**Goal of the exercise**
A faithful copy of all the data is required; pictures should not be included.

+===+

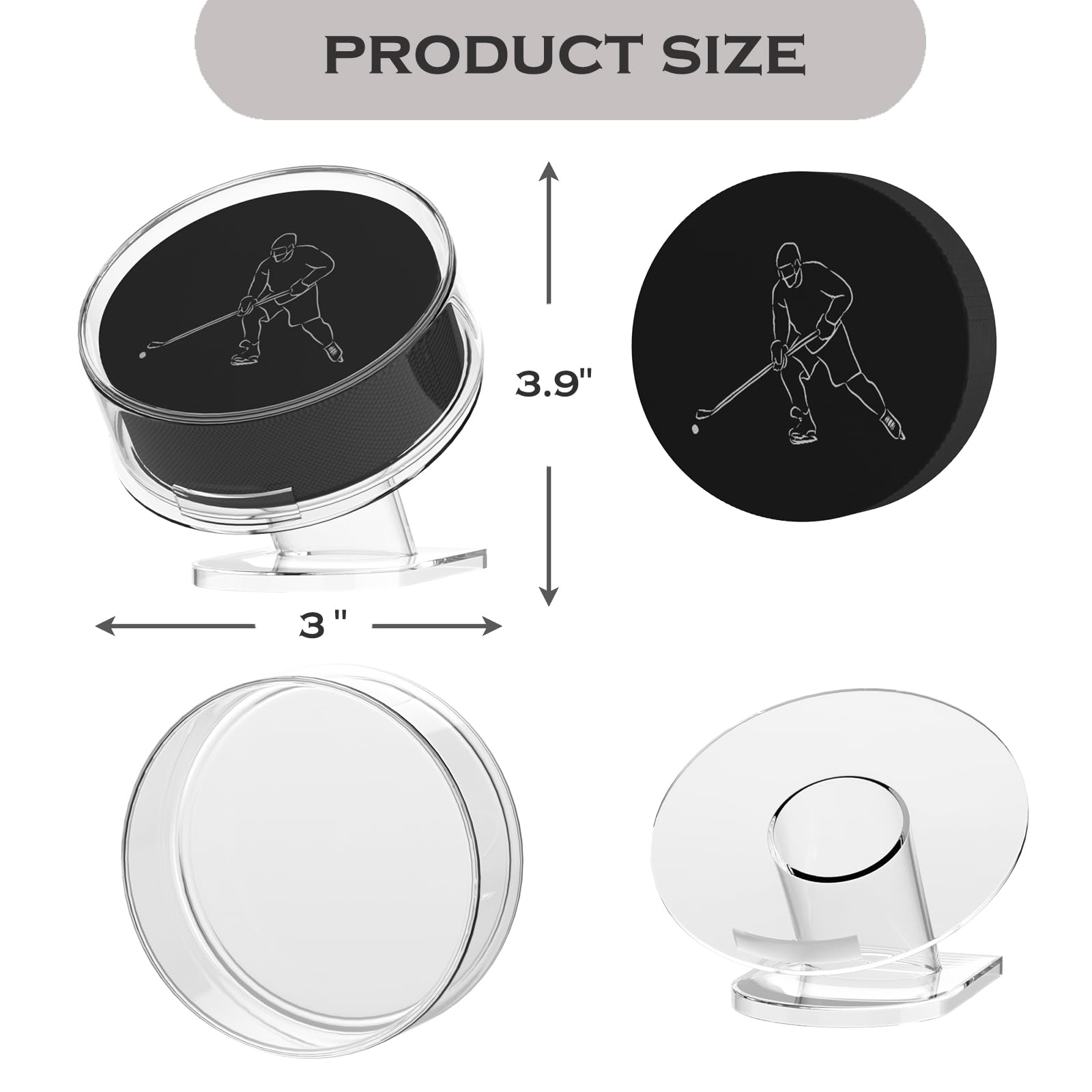 - 🟠Ideal Size for Use: Hockey puck holder is about 3.54" in total height, clear display box Diameter 3.3", Thickness 1.3",which is portable and personalized, perfect for puck display; it does not take up much space and does not easily block other decorations
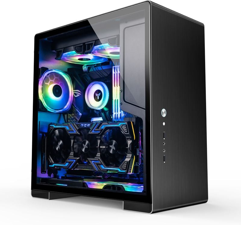 Elegancki Midi Tower dla płyt głównych do formatu ATX firmy Jonsbo oferuje dużo miejsca na wysokowydajny sprzęt, a dzięki trzem pionowym gniazdom PCI umiejętnie ustawia karty graficzne w szczególności. U5 S ma subtelną obudowę ze szczotkowanego aluminium i panel boczny z hartowanego szkła. Innowacyjnie zaprojektowane wnętrze oferuje ciekawe możliwości aranżacyjne i wykorzystuje efekt komina do optymalnego chłodzenia.
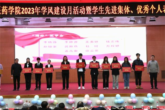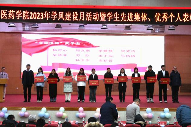 在热烈的掌声中,与会领导嘉宾上台为受表彰的先进集体、优秀个人颁发获奖证书,向金城医药奖学金、博仲奖学金获奖员工代表颁发奖学金。
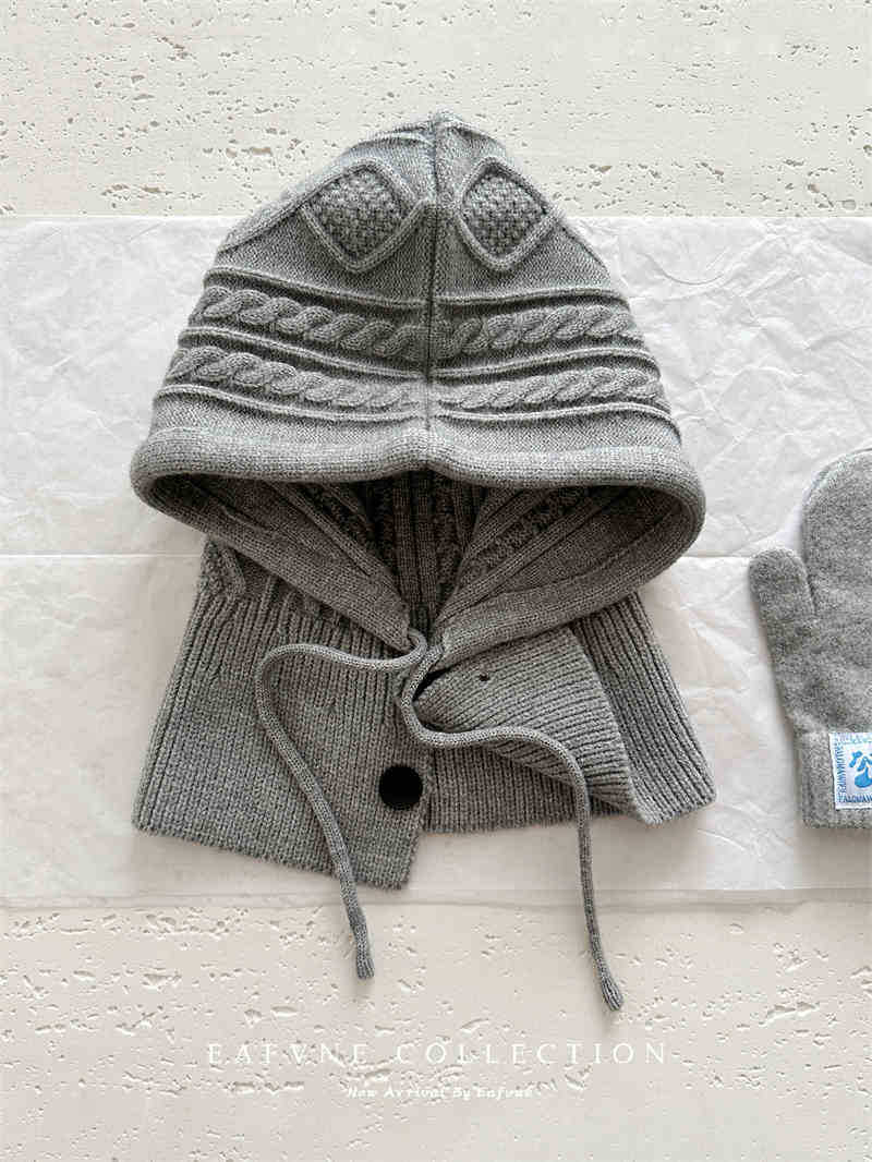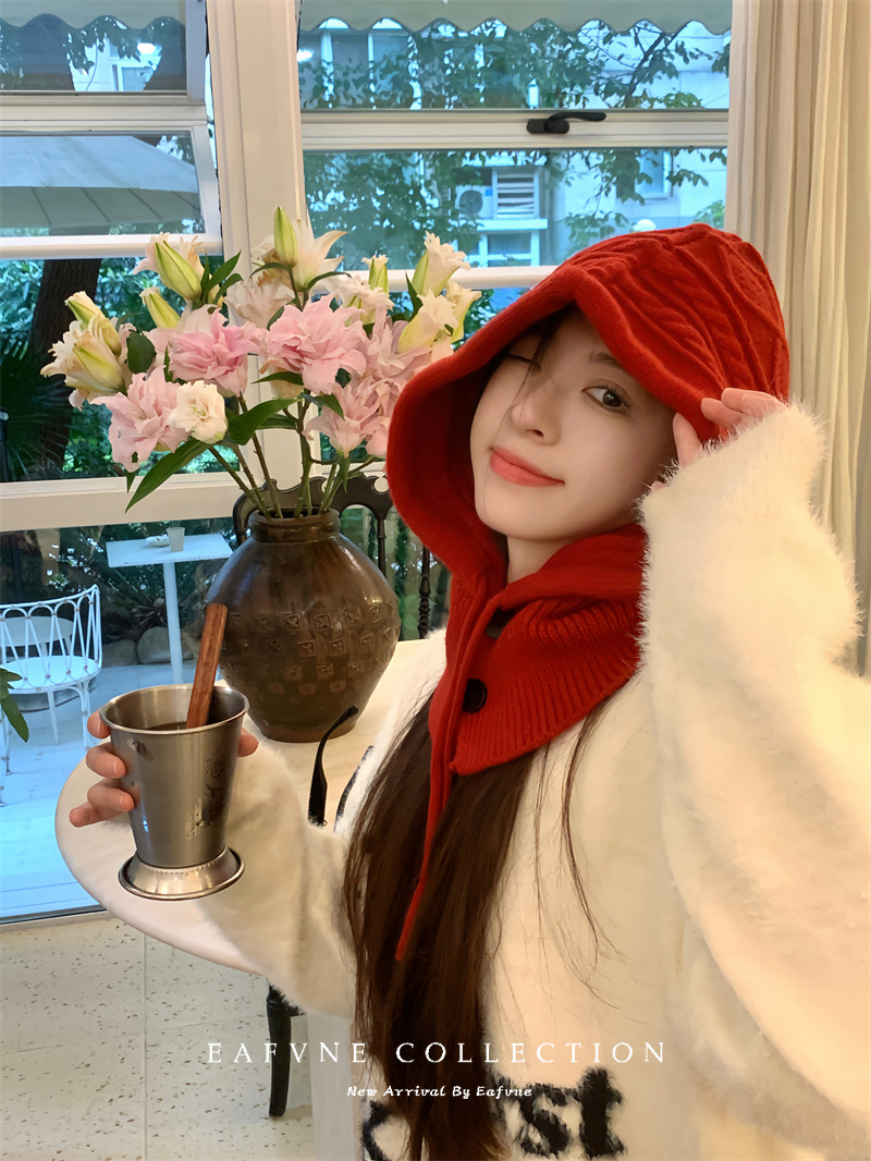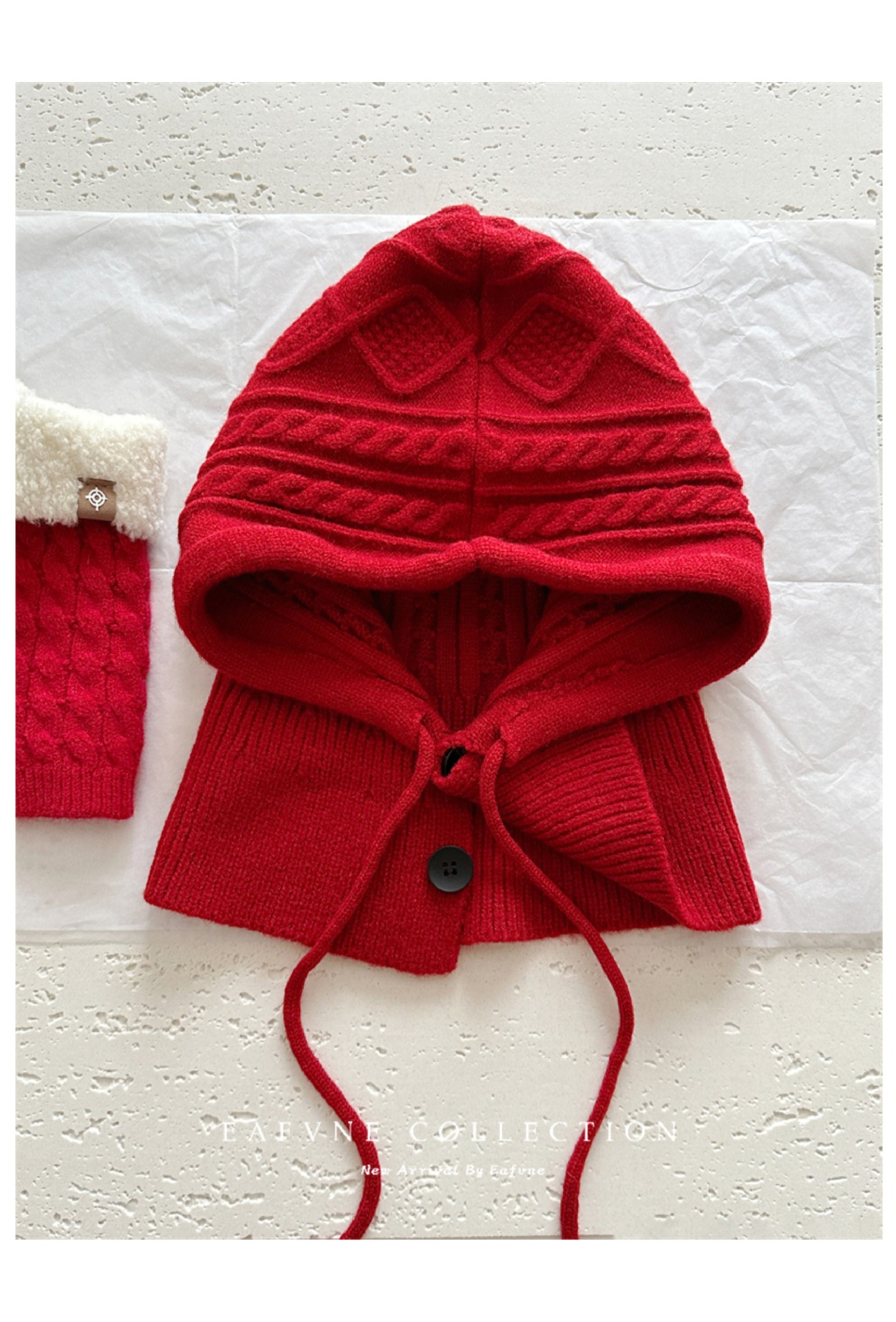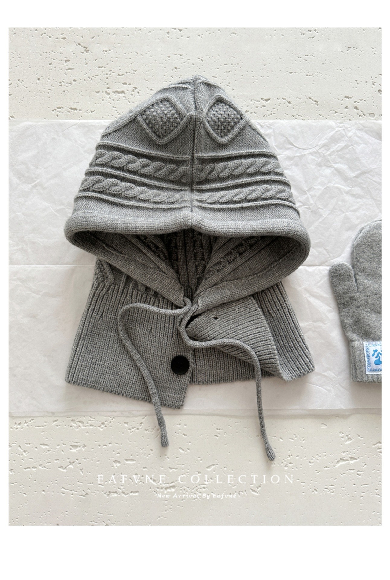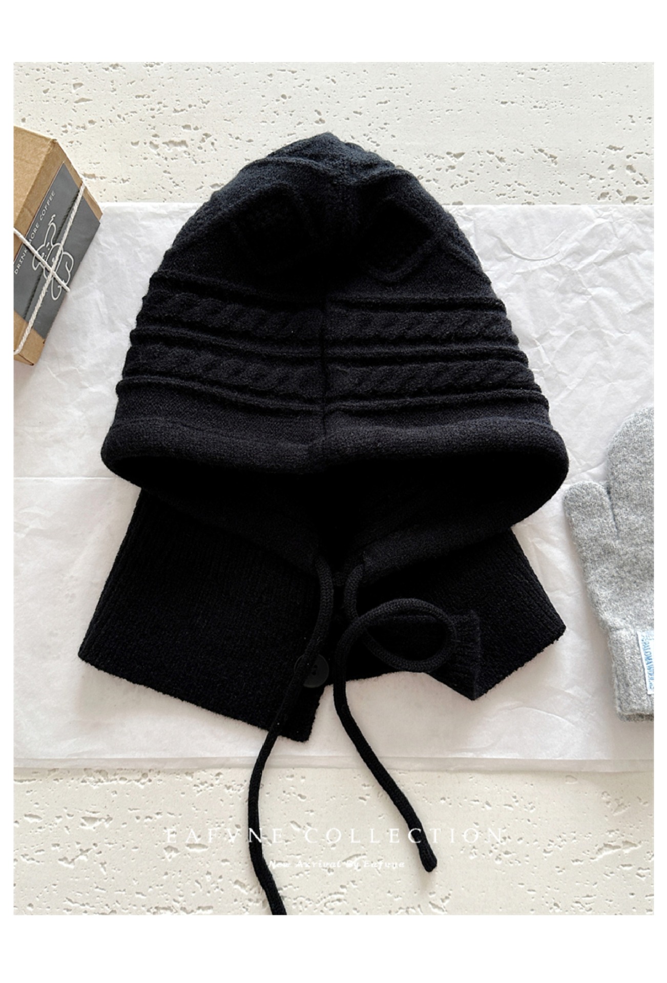 Шапка-балаклава для женщин, зимняя теплая шапка со встроенным шарфом, головной убор, защита ушей, шерстяная шапка, вязаная шапка для больших размеров головы
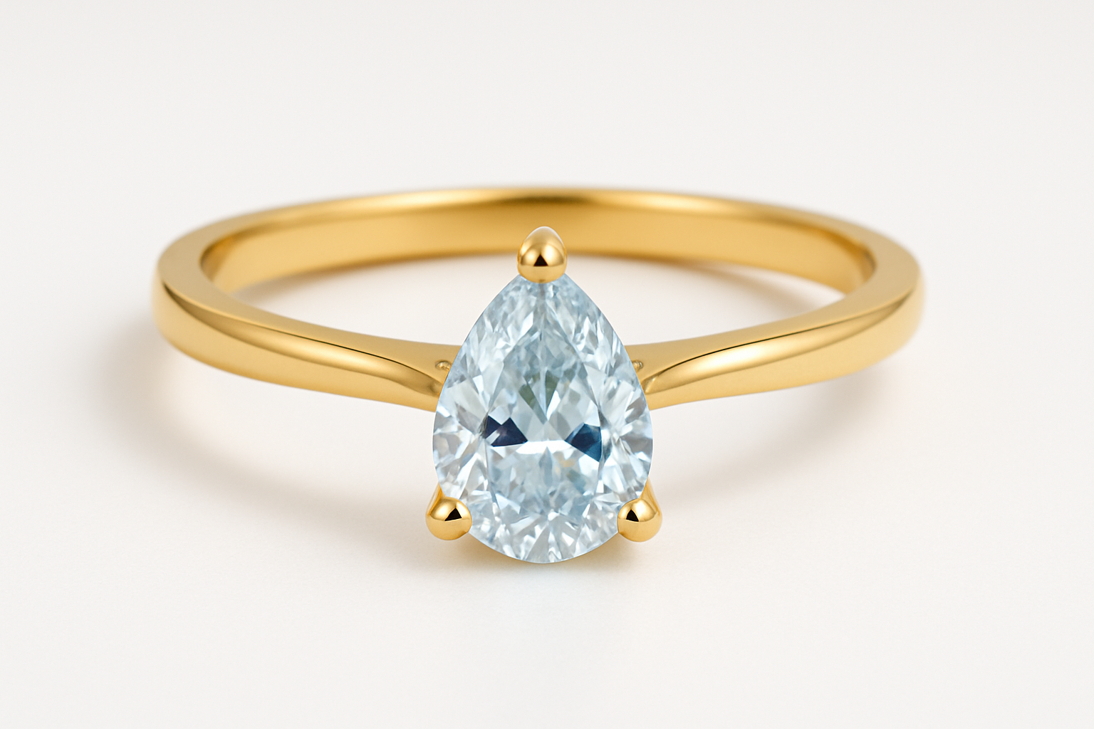 9ct Gold Lab Grown Blue Solitaire diamond Ring – 1ct Pear
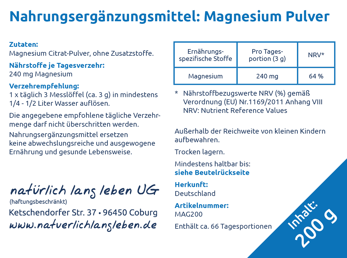 Hochwertiges Magnesiumcitrat, Herkunftsland: Deutschland
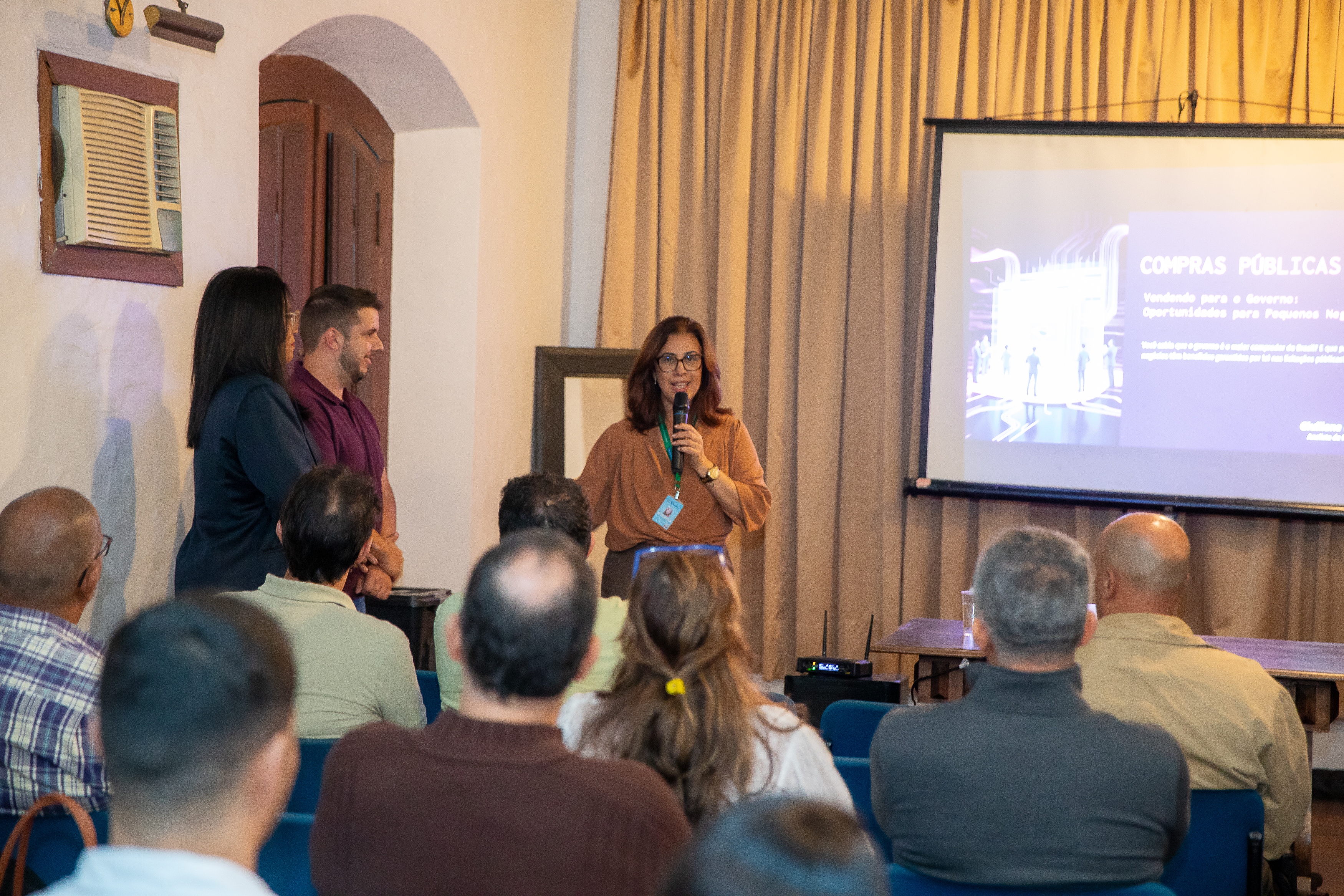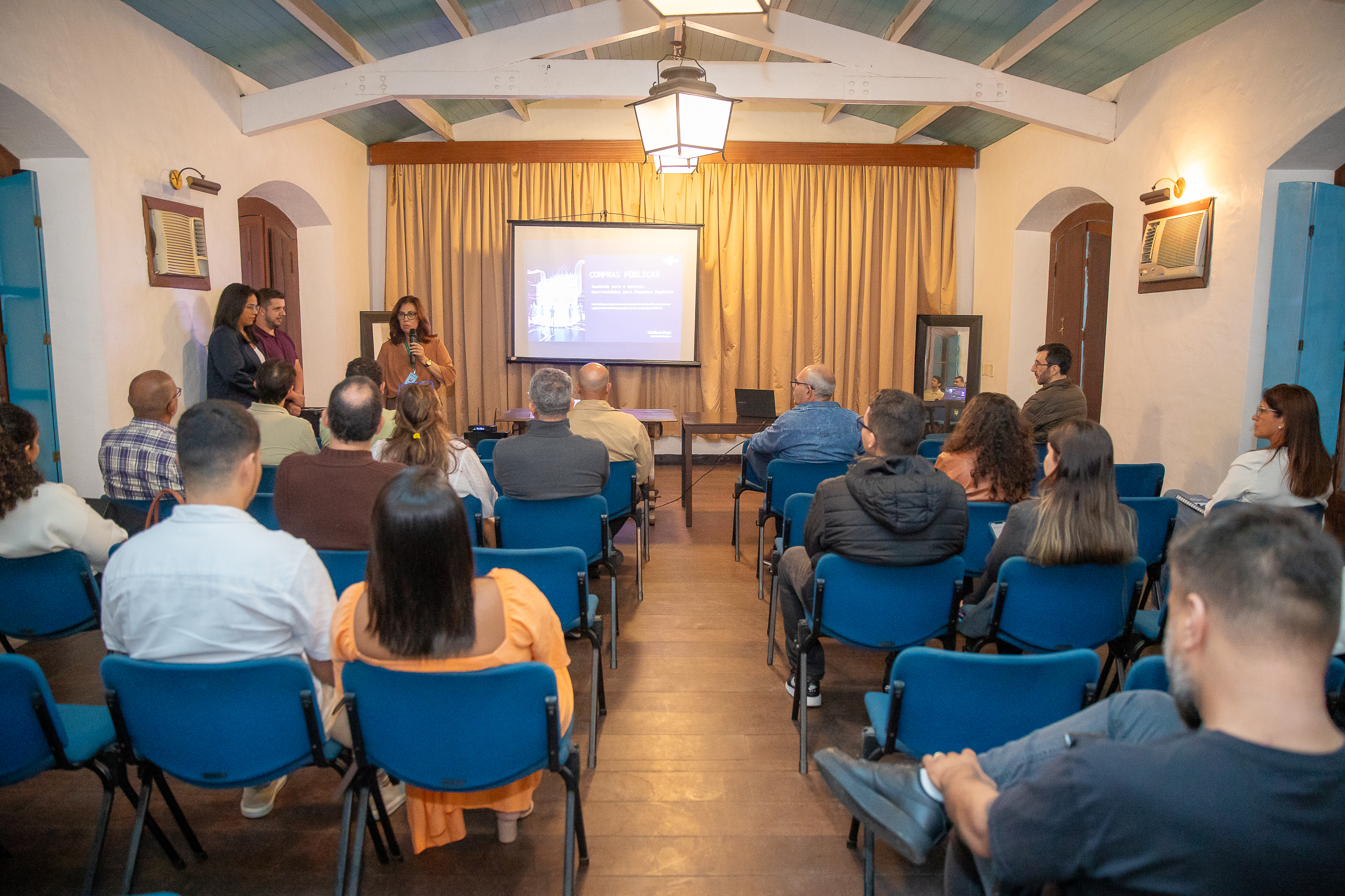#PraTodosVerem: imagens mostram uma sala de eventos com cadeiras azuis organizadas em fileiras, onde diversas pessoas assistem a uma apresentação sobre compras públicas. À frente, uma mulher fala ao microfone próxima a um telão com projeção, acompanhada por outros profissionais. O ambiente tem teto com vigas aparentes, paredes claras e iluminação amarelada. Participantes estão atentos e sentados, enquanto os apresentadores se posicionam próximos à tela. Fim da descrição.

+===+

**Written answer**
 - 🟠Ideal Size for Use: Hockey puck holder is about 3.54" in total height, clear display box Diameter 3.3", Thickness 1.3",which is portable and personalized, perfect for puck display; it does not take up much space and does not easily block other decorations
 Elegancki Midi Tower dla płyt głównych do formatu ATX firmy Jonsbo oferuje dużo miejsca na wysokowydajny sprzęt, a dzięki trzem pionowym gniazdom PCI umiejętnie ustawia karty graficzne w szczególności. U5 S ma subtelną obudowę ze szczotkowanego aluminium i panel boczny z hartowanego szkła. Innowacyjnie zaprojektowane wnętrze oferuje ciekawe możliwości aranżacyjne i wykorzystuje efekt komina do optymalnego chłodzenia.
 在热烈的掌声中,与会领导嘉宾上台为受表彰的先进集体、优秀个人颁发获奖证书,向金城医药奖学金、博仲奖学金获奖员工代表颁发奖学金。
 Шапка-балаклава для женщин, зимняя теплая шапка со встроенным шарфом, головной убор, защита ушей, шерстяная шапка, вязаная шапка для больших размеров головы
 9ct Gold Lab Grown Blue Solitaire diamond Ring – 1ct Pear
 Hochwertiges Magnesiumcitrat, Herkunftsland: Deutschland
#PraTodosVerem: imagens mostram uma sala de eventos com cadeiras azuis organizadas em fileiras, onde diversas pessoas assistem a uma apresentação sobre compras públicas. À frente, uma mulher fala ao microfone próxima a um telão com projeção, acompanhada por outros profissionais. O ambiente tem teto com vigas aparentes, paredes claras e iluminação amarelada. Participantes estão atentos e sentados, enquanto os apresentadores se posicionam próximos à tela. Fim da descrição.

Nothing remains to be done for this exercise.